A scribe is a person who writes books or documents by hand in hieratics, cuneiform or other scripts and may help keep track of records for priests and government.
The profession, previously found in all literate cultures in some form, lost most of its importance and status with the advent of printing. The work could involve copying books, including sacred texts, or secretarial and administrative duties, such as taking of dictation and the keeping of business, judicial and, historical records for kings, nobles, temples, and cities. Later the profession developed into public servants, journalists, accountants, typists, and lawyers.
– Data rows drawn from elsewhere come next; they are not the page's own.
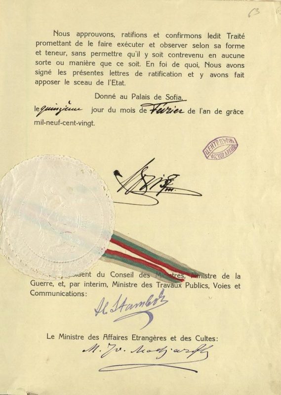 На 27.11.1919 г. в парижкото предградие Ньой-сюр-Сен (Neuilly-sur-Seine ) България подписва мирен договор с Антантата, военния съюз на държавите победителки в Първата световна война (САЩ, Великобритания, Франция, Италия и Япония), както и с техните съюзници, между които са съседните нам държави, с изключение на Турция. На снимката се виждат положените подписи на цар Борис III, министър-председателя Стамболийски и министъра на външните работи Михаил Маджаров.
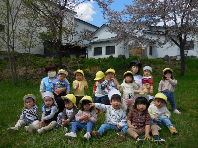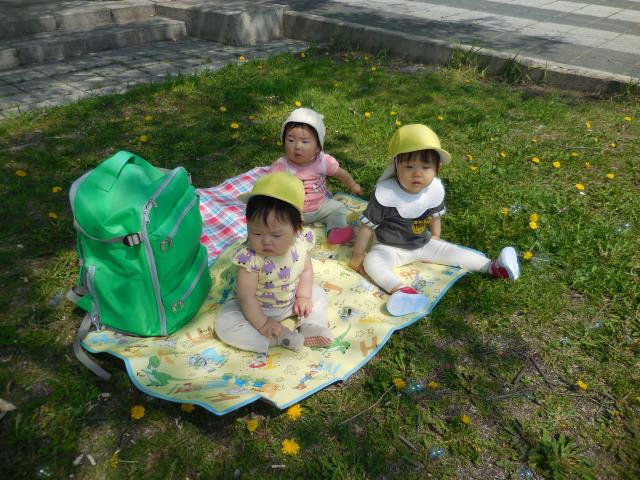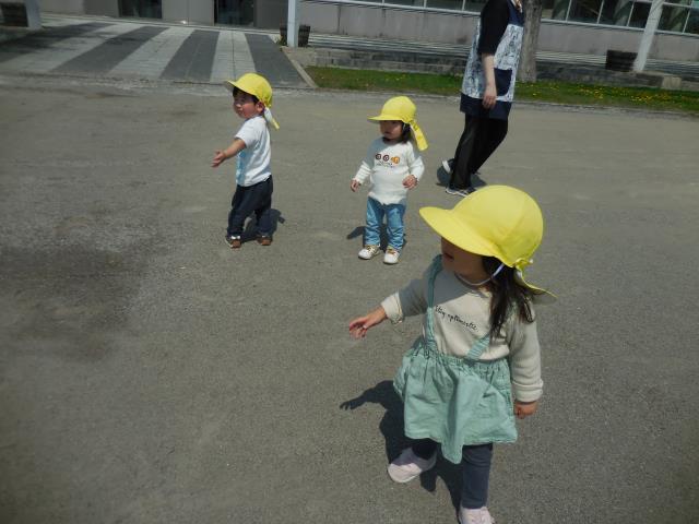 つくしやタンポポが咲いていたり、ちょうちょさんも見つけ、指さしたり近くで見て楽しんでいた子ども達です。
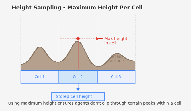 Using maximum height ensures agents don't clip through terrain peaks within a cell.
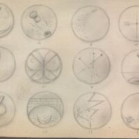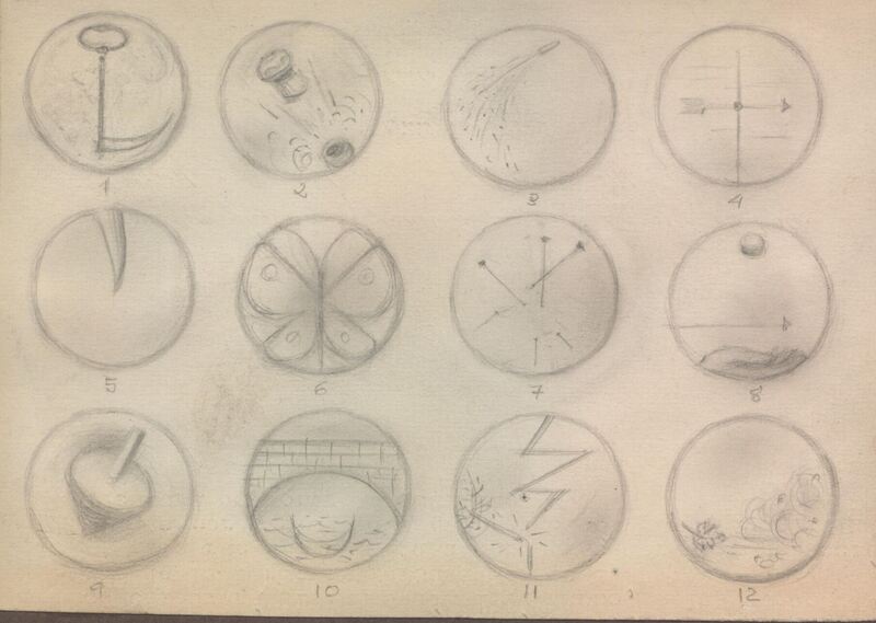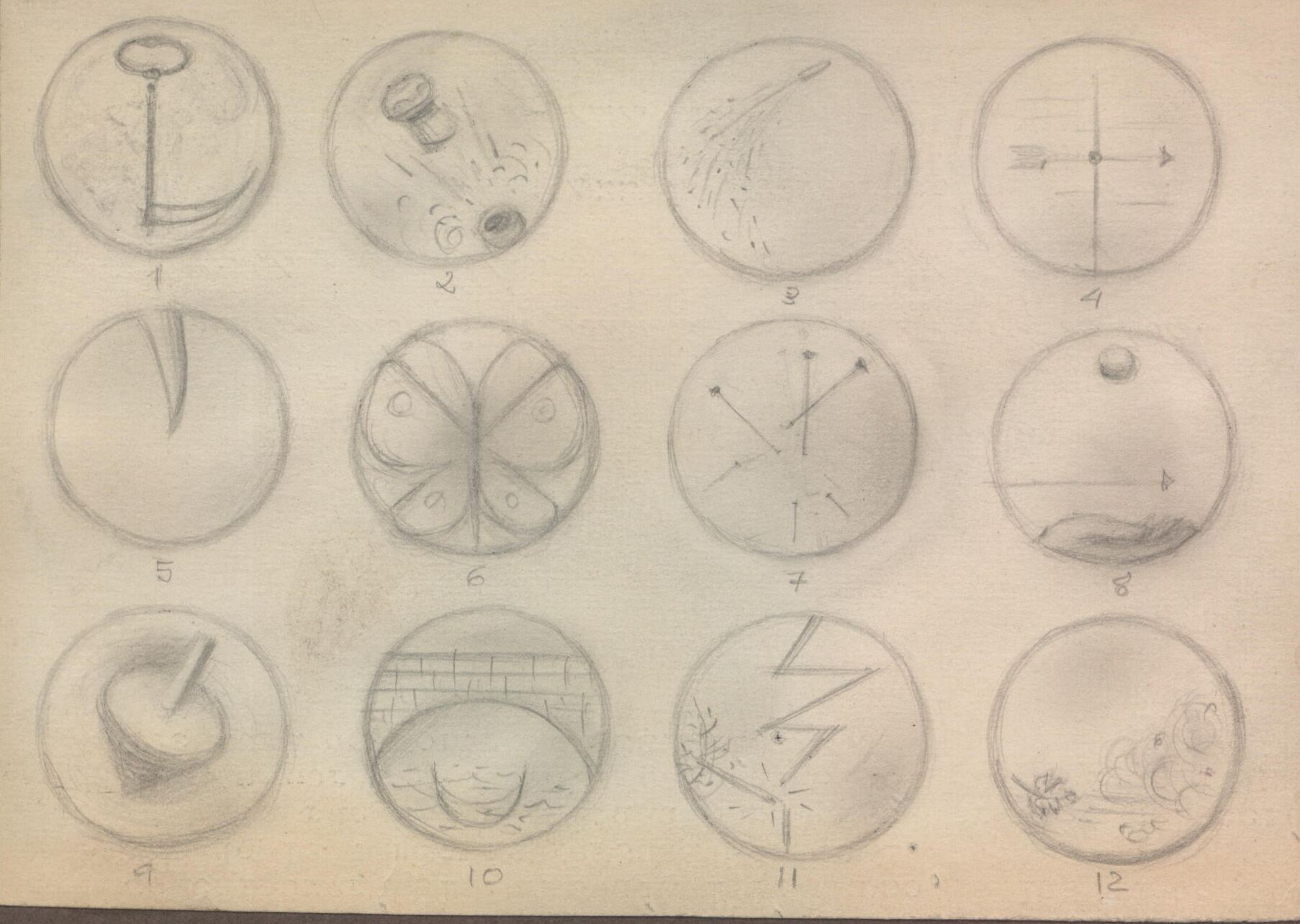 - Boceto a lápiz, de la composición lineal de doce medallas que representan diferentes temas no relacionadas entre sí. Es posible que se trate simbólicamente de los reversos de las medallas taurinas que hemos ido viendo.

In societies with low literacy rates, street-corner letter-writers (and readers) may still be found providing a service.
The most important was a person educated in the arts of writing (using both hieroglyphics and hieratic scripts, and from the second half of the first millennium BCE the demotic script, used as shorthand and for commerce) and arithmetics. Sons of scribes were brought up in the same scribal tradition, sent to school and, upon entering the civil service, inherited their fathers' positions.
Much of what is known about ancient Egypt is due to the activities of its scribes and the officials. Monumental buildings were erected under their supervision, administrative and economic activities were documented by them, and tales from the mouths of Egypt's lower classes or from foreign lands survive thanks to scribes putting them in writing.
Scribes were also considered part of the royal court, were not conscripted and did not have to pay taxes. The scribal profession had companion professions, the painters and artisans who decorated reliefs and other relics with scenes, personages, or hieroglyphic text. A scribe was exempt from the heavy manual labor required of the lower classes, or corvee labor.